1 In dezelfde dagen, als er een geheel grote schare was, en zij niets hadden wat zij eten zouden, riep Jezus Zijn discipelen tot Zich, en zeide tot hen:
2 Ik word innerlijk met ontferming bewogen over de schare; want zij zijn nu drie dagen bij Mij gebleven, en hebben niet, wat zij eten zouden.
3 En indien Ik hen nuchteren naar hun huis laat gaan, zo zullen zij op den weg bezwijken; want sommigen van hen komen van verre.
4 En Zijn discipelen antwoordden Hem: Van waar zal iemand dezen met broden hier in de woestijn kunnen verzadigen?
5 En Hij vraagde hun: Hoeveel broden hebt gij? En zij zeiden: Zeven.
6 En Hij gebood de schare neder te zitten op de aarde, en Hij nam de zeven broden, en gedankt hebbende, brak Hij ze, en gaf ze Zijn discipelen, opdat zij ze zouden voorleggen; en zij legden ze de schare voor.
7 En zij hadden weinige visjes; en als Hij gezegend had, zeide Hij, dat zij ook die zouden voorleggen.
8 En zij hebben gegeten, en zijn verzadigd geworden, en zij namen het overschot der brokken op, zeven manden.
9 Die nu gegeten hadden, waren omtrent vier duizend; en Hij liet hen gaan.
10 En terstond in het schip gegaan zijnde met Zijn discipelen, is Hij gekomen in de delen van Dalmanutha.
11 En de Farizeen gingen uit, en begonnen met Hem te twisten, begerende van Hem een teken van den hemel, Hem verzoekende.
12 En Hij, zwaarlijk zuchtende in Zijn geest, zeide: Wat begeert dit geslacht een teken?
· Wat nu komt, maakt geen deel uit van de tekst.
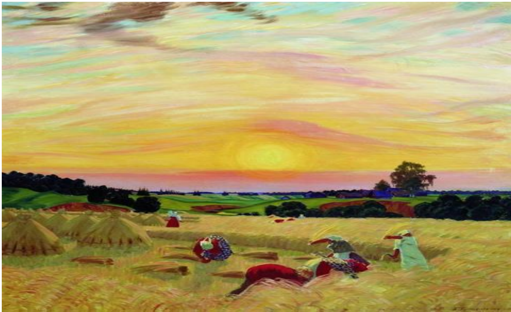
Б. Кустодиев. Жатва.
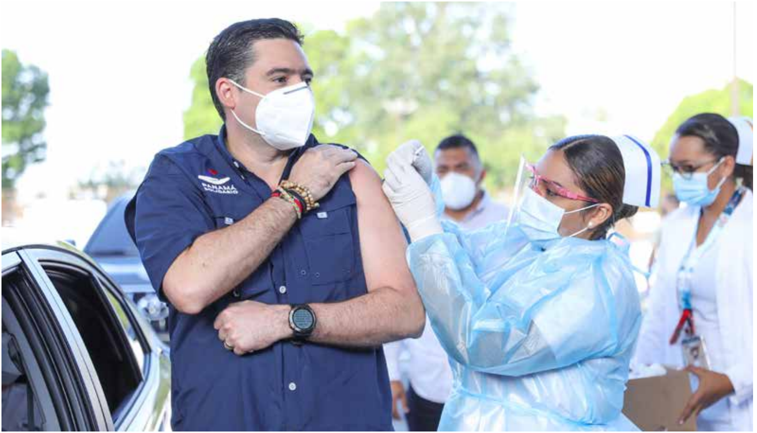
El vicepresidente de la República, José Gabriel Carrizo Jaén, el primer voluntario en recibir la vacuna de AstraZeneca en el país, exhortó a los panameños a colocársela, y reiteró que es efectiva y segura.
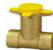
PATER ESQUEN. PASSAGEM
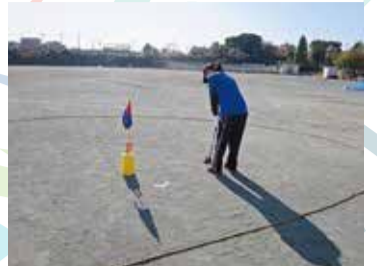
① ニュースポーツナッグゴルフ体験
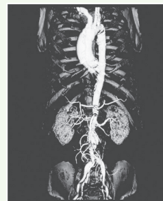
胸腹部の大血管の造影後の3D写真

方向から写真を確認できるので、血管の病気の治療前後やレントゲンではわかりにくい小さな骨折にCT検査が役立ちます。
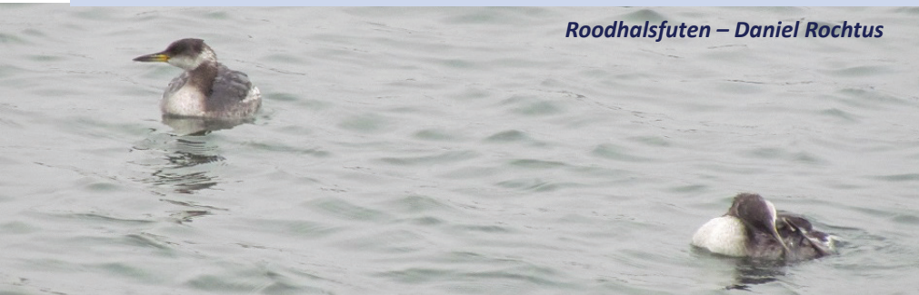
Roodhalsfuten – Daniel Rochtus

Roodhalsfuten hebben een verspreidingsgebied dat zich uitstrekt van West-Europa tot Oost-Azië. De grootste aantallen wonen wel in Oekraïne, Finland, Litouwen en Roemenië. In Vlaanderen en Nederland is de roodhalsfuut een zeer zeldzame broedvogel. In het nabije buitenland, zoals het Duitse Sleeswijk-Holstein en Mecklenburg-Vorpommeren, nemen de aantallen van de roodhalsfuut wel flink toe.
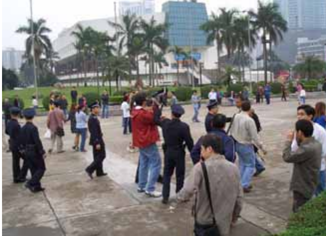
ビデオ撮影する赤いパーカーの男を制止する公安、
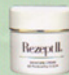
モイスタチャークリーム
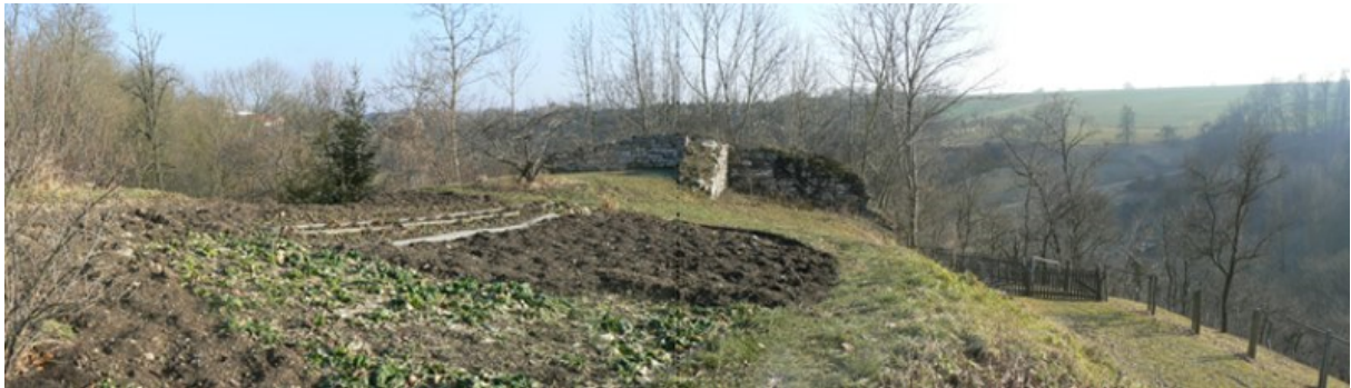
Burghügel nach Süden gesehen
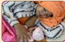
បំបៅដោះកូនសុទ្ធ
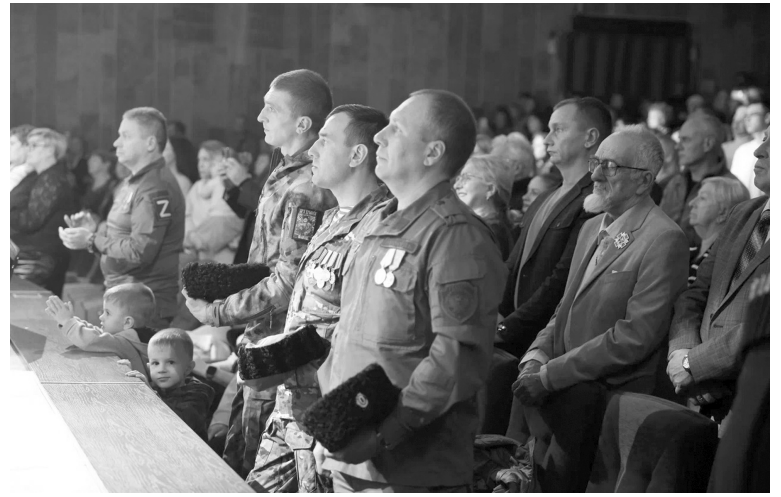
Почетными гостями фестиваля были участники спецоперации
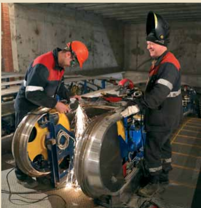
Последний штрих. К сдаче готовы!

Voorwaar, Ik zeg u: Zo aan dit geslacht een teken gegeven zal worden!
13 En Hij verliet hen, en wederom in het schip gegaan zijnde, voer Hij weg naar de andere zijde.
14 En Zijn discipelen hadden vergeten brood mede te nemen, en hadden niet dan een brood met zich in het schip.
15 En Hij gebood hun, zeggende: Ziet toe, wacht u van den zuurdesem der Farizeen, en van den zuurdesem van Herodes.
16 En zij overlegden onder elkander, zeggende: Het is, omdat wij geen broden hebben.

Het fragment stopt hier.